PREDICTIONS—PNC VP and Market Analyst Mekael Teshome tells the African American Chamber of Commerce’s PowerBreakfast audience that he sees modest but positive economic growth ahead. (Photo by Christian Morrow)
As an economist and assistant vice president at PNC, Mekael Teshome’s specialty is risk analysis. So it wasn’t unexpected that the economic forecast for the coming year he presented at the African American Chamber of Commerce’s October 18 PowerBreakfast was relatively conservative, but positive.
“We are not in the cable news Armageddon camp with respect to the economy,” he said. “The long list of crises our government has dragged us into and out of in the last few years have created a lot of volatility, but that volatility actually hides growth. It’s only about 2 percent, but that’s not entirely horrible.”
Nationally, Teshome noted, auto and retail sales have returned to near pre-2008 levels, the housing market—which triggered the collapse—is showing double-digit growth, and the average household debt, which was 130 percent in 2006, is down to 105 percent.

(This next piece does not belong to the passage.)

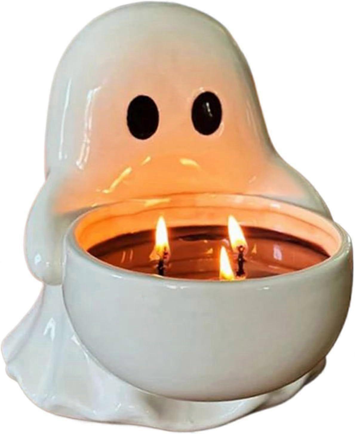 Ghost Candle Holder, Cute Ghost Shape Ceramic Candle Stand, Lightweight Build Halloween Decorative Candlestick Rack for Parties Tabletop, Halloween Ca

So the recovery will continue, at a modest pace. Teshome forecasted only a 1.6 percent final growth figure for 2013, but expects to see that increase to 2.5 percent in 2014 and 2015.
On the other hand, there will be little to no income growth, primarily because there is such a huge pool of unemployed workers available. Also, start-up businesses have largely disappeared. This is due in part to lender risk aversion following the recession, but also due to entrepreneurs having their home equity wiped out—the equity they could have used for investment or collateral.
Locally, Teshome said, the economy weathered the recession much better, and was the first “non oil-based” region to recover.
“If you ask someone about the economy, they’ll pretty much say, ‘it sucks,’” he told the audience. “But it sucks less here, primarily because the city and region has restructured itself from a production economy to a knowledge economy. In Pittsburgh there are now three knowledge jobs for every production job. The national average is 2-1.”
He noted that among six comparably sized markets, Pittsburgh’s cost of doing business was the highest, but its cost of living was second lowest.
Locally he expects the economy to grow at around 3 percent next year, driven by the education/health sector and the business and professional service sector. He also expects growth in the energy sector.
“Those six-figure Marcellus jobs you’ve heard stories of—they’re out there,” he said. “But there are so few of them, the economic effect will be seeing that money circulate back through the economy.”
Apropos of that, during her closing remarks after thanking Teshome, Chamber President and CEO Doris Carson Williams thanked Chevron, and its 19 company officers who participated in its recent supplier forum at Heinz Field.
She also welcomed new members and reminded everyone that upcoming events include a social media workshop on Oct. 30, the Holiday Dinner on Dec. 2, and the Annual Business Luncheon, featuring a Keynote address from PPG Industries CEO Charles Bunch and a tribute to outgoing US Steel Chair John Surma, on Dec. 4.